You should also ensure you have sufficient preemptible quota to use Flex-start. The default preemptible quota for TPU v5e and v6e is 64 cores. If you need more TPU cores than the amount granted by the default quota, you need to request a higher quota allocation. For more information, see Cloud TPU quotas.

Request Flex-start TPUs

Flex-start uses the TPU queued resources API to request TPU resources in a queued manner. When the requested resource becomes available, it's assigned to your Google Cloud project for your immediate, exclusive use. After the requested run duration, the TPU VMs are deleted and the queued resource moves to the SUSPENDED state. For more information about queued resources, see Manage queued resources.

To Flex-start request TPUs, use the gcloud alpha compute tpus queued-resources create command with the --provisioning-model flag set to flex-start and the --max-run-duration flag set to the duration you want your TPUs to run.

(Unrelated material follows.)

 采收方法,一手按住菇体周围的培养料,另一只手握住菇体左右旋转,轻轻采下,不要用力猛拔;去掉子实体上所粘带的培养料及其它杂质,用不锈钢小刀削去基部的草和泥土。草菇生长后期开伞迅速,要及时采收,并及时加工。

gcloud alpha compute tpus queued-resources create QUEUED_RESOURCE_ID
    --zone=ZONE \
    --accelerator-type=ACCELERATOR_TYPE \
    --runtime-version=RUNTIME_VERSION \
    --node-id=NODE_ID \
    --provisioning-model=flex-start \
    --max-run-duration=RUN_DURATION

Replace the following placeholders:

  • QUEUED_RESOURCE_ID: A user-assigned ID for the queued resource request.
  • ZONE: The zone in which to create the TPU VM.
  • ACCELERATOR_TYPE: Specifies the version and size of the Cloud TPU to create. For more information about supported accelerator types for each TPU version, see TPU versions.
  • RUNTIME_VERSION: The Cloud TPU software version.
  • NODE_ID: A user-assigned ID for the TPU that is created when the queued resource request is allocated.
  • RUN_DURATION: How long the TPUs should run. Format the duration as the number of days, hours, minutes, and seconds followed by d, h, m, and s, respectively. For example, specify 72h for a duration of 72 hours, or specify 1d2h3m4s for a duration of 1 day, 2 hours, 3 minutes, and 4 seconds. The maximum is 7 days.

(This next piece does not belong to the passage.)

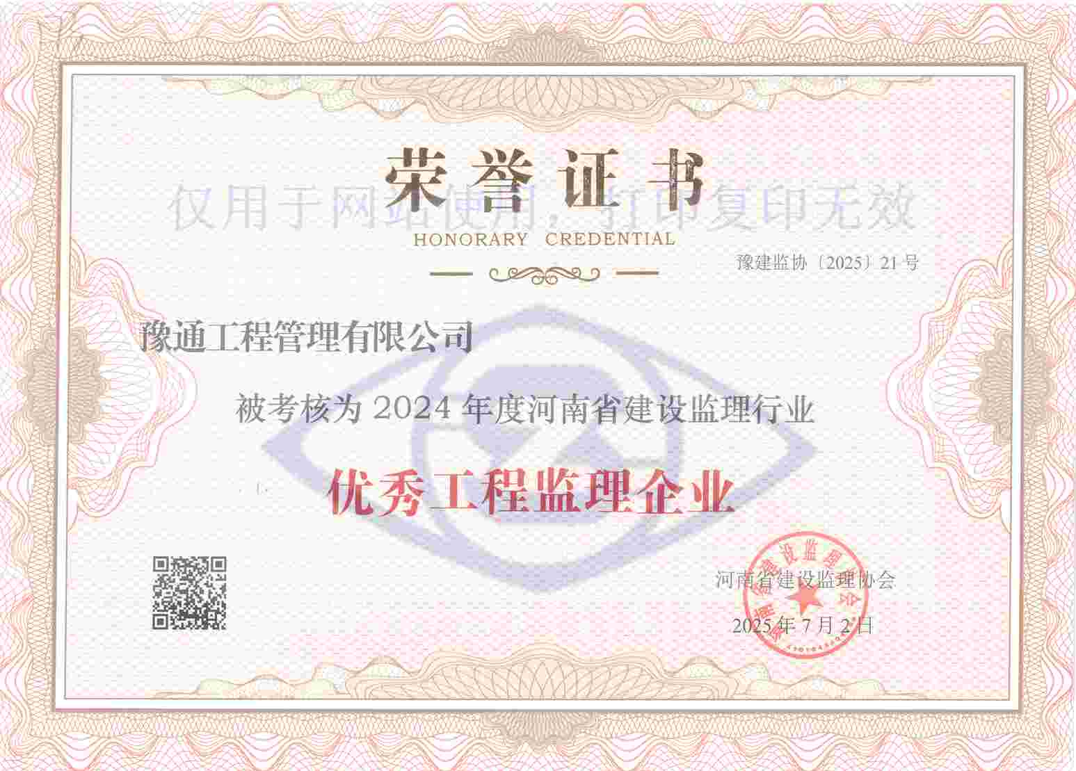我公司連續(xù)多年榮獲該榮譽,這是協(xié)會及社會各界對公司工作成效的高度肯定,更是對我們未來發(fā)展征程的激勵和鞭策。我們將以此為動力,不斷提升核心能力,持續(xù)提供高品質、全方位的技術服務,傾力監(jiān)造更多精品工程,為河南建設監(jiān)理行業(yè)高質量發(fā)展貢獻更多專業(yè)力量。

You can further customize your queued resource request to run at specific times with additional flags:

  • --valid-after-duration: The duration before which the TPU must not be provisioned.
  • --valid-after-time: The time before which the TPU must not be provisioned.
  • --valid-until-duration: The duration for which the request is valid. If the request hasn't been fulfilled by this duration, the request expires and moves to the FAILED state.
  • --valid-until-time: The time for which the request is valid. If the request hasn't been fulfilled by this time, the request expires and moves to the FAILED state.

For more information about optional flags, see the gcloud alpha compute tpus queued-resources create documentation.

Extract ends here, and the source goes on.